>>>>>
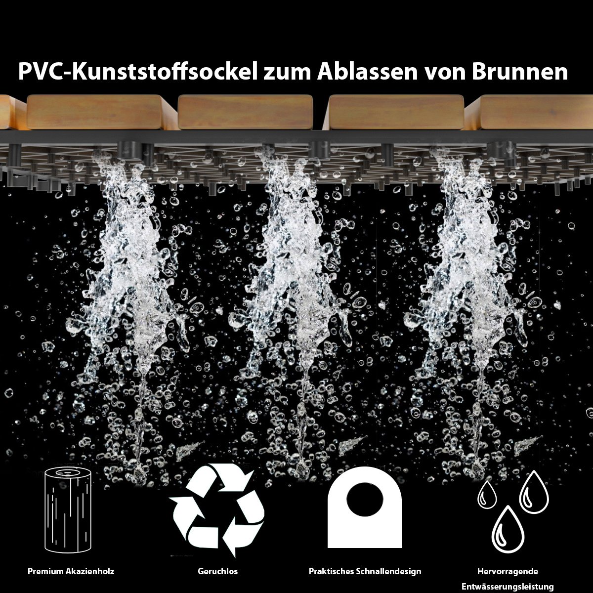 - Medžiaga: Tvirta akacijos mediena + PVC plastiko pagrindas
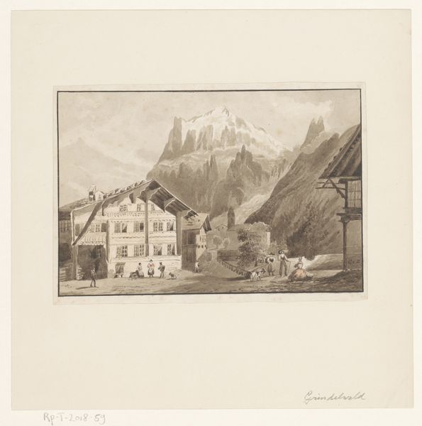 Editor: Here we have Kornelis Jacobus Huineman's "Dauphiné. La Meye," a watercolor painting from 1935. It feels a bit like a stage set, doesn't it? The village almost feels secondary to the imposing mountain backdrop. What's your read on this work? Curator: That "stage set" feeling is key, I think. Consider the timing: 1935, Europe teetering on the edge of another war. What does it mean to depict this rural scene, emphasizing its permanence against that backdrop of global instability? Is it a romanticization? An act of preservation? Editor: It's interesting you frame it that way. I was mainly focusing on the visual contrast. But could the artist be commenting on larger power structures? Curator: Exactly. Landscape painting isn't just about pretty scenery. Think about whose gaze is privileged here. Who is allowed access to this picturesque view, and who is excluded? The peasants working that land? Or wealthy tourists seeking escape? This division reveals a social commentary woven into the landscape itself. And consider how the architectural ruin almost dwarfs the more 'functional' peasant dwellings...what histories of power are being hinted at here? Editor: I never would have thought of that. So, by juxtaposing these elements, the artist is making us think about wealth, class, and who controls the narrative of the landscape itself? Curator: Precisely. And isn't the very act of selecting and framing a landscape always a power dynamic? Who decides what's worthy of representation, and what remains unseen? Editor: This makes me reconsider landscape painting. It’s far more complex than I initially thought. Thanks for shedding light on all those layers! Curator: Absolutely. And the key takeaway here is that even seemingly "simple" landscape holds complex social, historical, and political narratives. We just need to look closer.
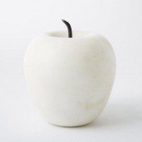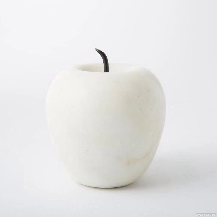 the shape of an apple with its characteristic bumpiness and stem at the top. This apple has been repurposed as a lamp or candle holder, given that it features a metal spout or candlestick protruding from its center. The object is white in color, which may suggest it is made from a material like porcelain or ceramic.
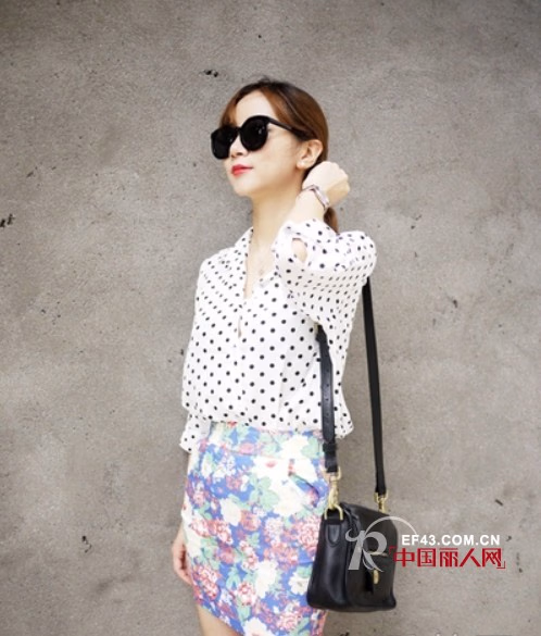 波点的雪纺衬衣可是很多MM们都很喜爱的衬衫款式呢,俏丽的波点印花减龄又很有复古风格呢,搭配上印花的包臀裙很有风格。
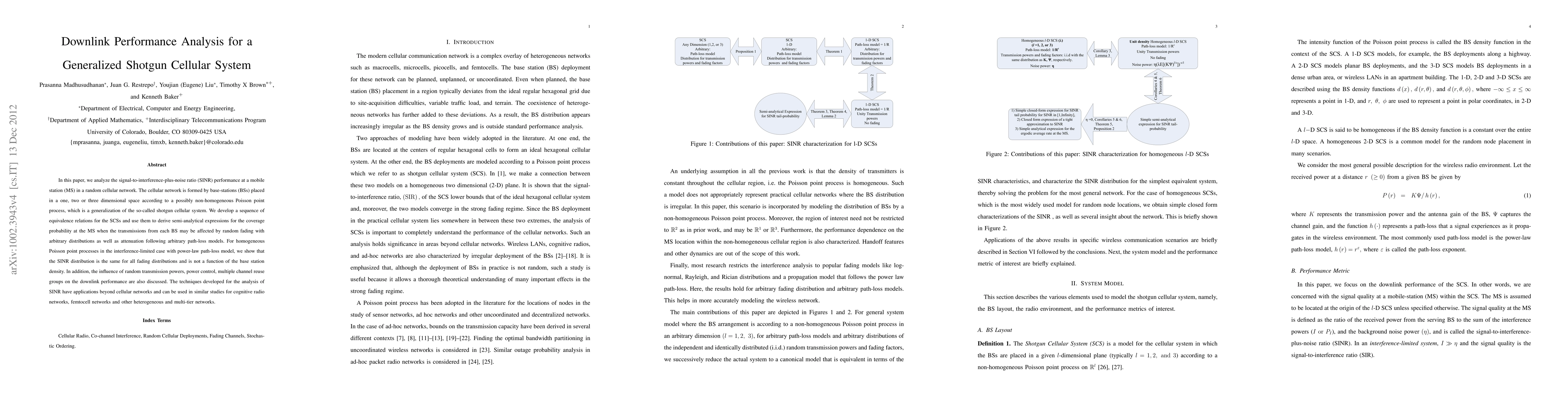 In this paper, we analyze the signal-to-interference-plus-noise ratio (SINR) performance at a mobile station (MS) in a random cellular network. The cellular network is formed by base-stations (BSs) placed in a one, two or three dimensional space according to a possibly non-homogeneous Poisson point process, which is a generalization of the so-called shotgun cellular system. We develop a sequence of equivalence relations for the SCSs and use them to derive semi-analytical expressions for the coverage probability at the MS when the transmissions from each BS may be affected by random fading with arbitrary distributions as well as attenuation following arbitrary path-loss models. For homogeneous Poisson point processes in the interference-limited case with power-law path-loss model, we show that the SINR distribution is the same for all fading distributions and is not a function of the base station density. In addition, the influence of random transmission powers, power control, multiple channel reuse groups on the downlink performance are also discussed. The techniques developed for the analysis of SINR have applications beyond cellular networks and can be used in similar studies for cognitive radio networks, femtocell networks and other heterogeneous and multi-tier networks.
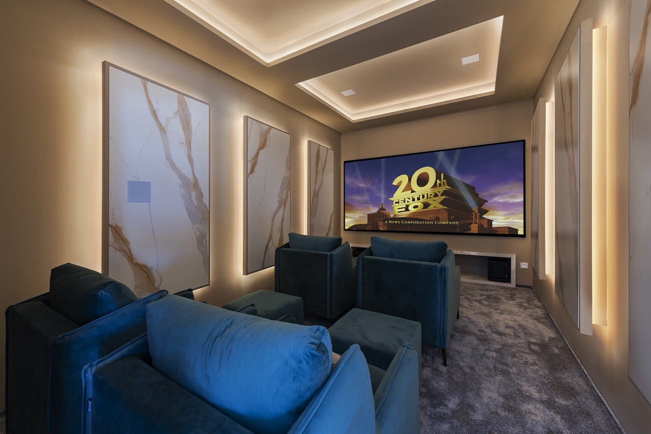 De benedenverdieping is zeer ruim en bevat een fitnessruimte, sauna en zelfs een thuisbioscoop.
<<<<<
- _Aim of the task_: From the listing, extract all text exactly as given and drop any picture.

- _Answer for the task_:
 - Medžiaga: Tvirta akacijos mediena + PVC plastiko pagrindas
 Editor: Here we have Kornelis Jacobus Huineman's "Dauphiné. La Meye," a watercolor painting from 1935. It feels a bit like a stage set, doesn't it? The village almost feels secondary to the imposing mountain backdrop. What's your read on this work? Curator: That "stage set" feeling is key, I think. Consider the timing: 1935, Europe teetering on the edge of another war. What does it mean to depict this rural scene, emphasizing its permanence against that backdrop of global instability? Is it a romanticization? An act of preservation? Editor: It's interesting you frame it that way. I was mainly focusing on the visual contrast. But could the artist be commenting on larger power structures? Curator: Exactly. Landscape painting isn't just about pretty scenery. Think about whose gaze is privileged here. Who is allowed access to this picturesque view, and who is excluded? The peasants working that land? Or wealthy tourists seeking escape? This division reveals a social commentary woven into the landscape itself. And consider how the architectural ruin almost dwarfs the more 'functional' peasant dwellings...what histories of power are being hinted at here? Editor: I never would have thought of that. So, by juxtaposing these elements, the artist is making us think about wealth, class, and who controls the narrative of the landscape itself? Curator: Precisely. And isn't the very act of selecting and framing a landscape always a power dynamic? Who decides what's worthy of representation, and what remains unseen? Editor: This makes me reconsider landscape painting. It’s far more complex than I initially thought. Thanks for shedding light on all those layers! Curator: Absolutely. And the key takeaway here is that even seemingly "simple" landscape holds complex social, historical, and political narratives. We just need to look closer.
 the shape of an apple with its characteristic bumpiness and stem at the top. This apple has been repurposed as a lamp or candle holder, given that it features a metal spout or candlestick protruding from its center. The object is white in color, which may suggest it is made from a material like porcelain or ceramic.
 波点的雪纺衬衣可是很多MM们都很喜爱的衬衫款式呢,俏丽的波点印花减龄又很有复古风格呢,搭配上印花的包臀裙很有风格。
 In this paper, we analyze the signal-to-interference-plus-noise ratio (SINR) performance at a mobile station (MS) in a random cellular network. The cellular network is formed by base-stations (BSs) placed in a one, two or three dimensional space according to a possibly non-homogeneous Poisson point process, which is a generalization of the so-called shotgun cellular system. We develop a sequence of equivalence relations for the SCSs and use them to derive semi-analytical expressions for the coverage probability at the MS when the transmissions from each BS may be affected by random fading with arbitrary distributions as well as attenuation following arbitrary path-loss models. For homogeneous Poisson point processes in the interference-limited case with power-law path-loss model, we show that the SINR distribution is the same for all fading distributions and is not a function of the base station density. In addition, the influence of random transmission powers, power control, multiple channel reuse groups on the downlink performance are also discussed. The techniques developed for the analysis of SINR have applications beyond cellular networks and can be used in similar studies for cognitive radio networks, femtocell networks and other heterogeneous and multi-tier networks.
 De benedenverdieping is zeer ruim en bevat een fitnessruimte, sauna en zelfs een thuisbioscoop.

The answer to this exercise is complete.